Abstract

The objective was to analyze the association of rs4977574-polymorphic variants of the ANRIL gene with the development of acute coronary syndrome in individuals with different body mass index. Materials and methods. The venous blood of 429 people (234 patients with acute coronary syndrome and 195 people in the control group) was used for the study. Genotyping of patients by rs4977574-polymorphic variants of the ANRIL gene was performed by real-time polymerase chain reaction (Real-time PCR) in the presence of TaqMan assay C_31720978_30. Statistical analysis of the results of the study was performed using SPSS software (version 17.0). Results. The distribution of genotypes according to SNP rs4977574 of the ANRIL gene in the group of patients with ACS and the control group among individuals with BMI < 25 kg/m2 does not differ. Among patients with BMI 25 kg/m2 the genotype distribution of the rs4977574-polymorphic variant of the ANRIL gene was statistically significant (р = 0.035). In the group of patients with BMI > 25 kg/m2 according to recessive (Pobserv = 0.014; ORobserv = 1.876, 95 % СІ = 1.137–3.095) and additive (Рobserv = 0.014; ORobserv = 2.118, 95% СІ = 1.166–3.849) models of inheritance before making adjustment, people with G/G genotype had a double risk of acquiring ACS than carriers of the dominant allele.
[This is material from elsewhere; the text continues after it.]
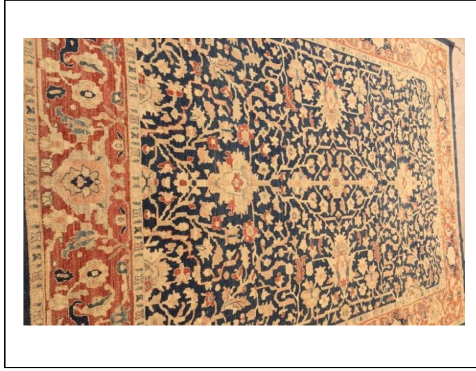
Resim 14. Mahal Halısı (Kılıç Karatay, 2017)

After the adjustment, corresponding models of inheritance had the same risk rate – for recessive model (Рadjust = 0.013; ORadjust = 1.951, 95% СІ = 1.149–3.313) and additive model (Рadjust = 0.026; ORadjust = 2.039, 95 % СІ = 1.087–3.826). Conclusions. Individuals with BMI > 25 kg/m2, which were carriers of G/G genotype had a 2 times higher risk to acquire ACS than the individuals with the dominant allele. Prospects for further research. Further research will be aimed at studying the impact of ANRIL polymorphism upon the risk of ACS development depending on other risk factors.